My book used long division to convert this problem into the sum of a polynomial and a rational function but I need to know the steps they used to get there.
This is what they gave me:
2x^2-4x/x+1 simplified to 2x-6 + 6/x+1
2007-07-14 04:34:58 · 10 answers · asked by thepaladin38 5 in Science & Mathematics ➔ Mathematics
I donot know in which standard you are studying,but I would request you to follow any of the following processes to solve these odd problems
2x^-4x divided by x+1
=2x(x+1)-6(x+1)+6
So the quotient is 2x-6 and the remainder is 6.
You can write the answer of the division as
2x-6 +6/(x+1)
another process is the application of the remainder theorem.It states that if any polynomial is divided by(x+a) and if x+a=0 i.e x= -a,then if you substitute x by -a in the polynomial,the value of the polynomial is the remainder of actual division
You are dividing 2x^2-4x by x+1.Let x+1=0 or x=-1
therefore,2x^2-4x
=2*(-1)^2-4(-1)
=2+4=6
Hence 6 will be the remainderif you divided
2x^2-4x by x+1
Now subtract 6 from 2x^-4x and you get2x^2-4x-6 which will be exactly divisible by x+1
2x^2-4x-6/(x+1)
=2(x^2-2x-3)/(x+1)
=2(x+1)(x-3)/(x+1)
Hence,the quotient is 2(x-3) and the remainder as earlier calculated is 6 and this can be written as 2x-6+6/(x+1)
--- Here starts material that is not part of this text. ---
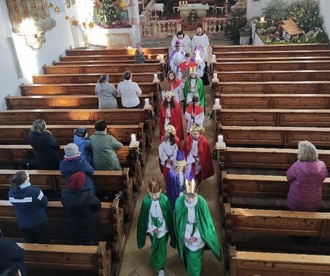 Anfang des Jahres waren die Sternsinger in der Pfarrgemeinde unterwegs. Sie erinnerten mit ihren Kronen und den königlichen Gewändern an die Heiligen drei Könige, die zum Jesuskind in der Krippe kamen. Sie brachten den Segen C + M + B – Christus segne dieses Haus – in alle Häuser und Wohnungen.

All said and done ,the best way to solve the problem is in the following way
2x^2-4x/x+1
=(2x^2-4x-6+6)/(x+1)
={(2x-6)(x+1)+6}/(x+1)
=2x-6 +(6/x+1)
2007-07-14 05:23:47 · answer #1 · answered by alpha 7 · 0⤊ 0⤋
(2x^2-4x)/(x+1)
Divide x into 2x^2 and get 2x as the 1st term in your answer.
Now multiply the 2x by (x+1) getting 2x^2 +2x.
Subtract ttnis from 2x^2 -4x getting -6x
Now divide -6x by x getting -6 as the 2nd term in your answer.
Now multiply -6 by(x+1) getting -6x -6.
Now subtract -6x-6 from -6x getting 6. This is your remainder.
So your answer is 2x-6 +6/(x+1).
Note that you put the remainder over the divisor (x+1).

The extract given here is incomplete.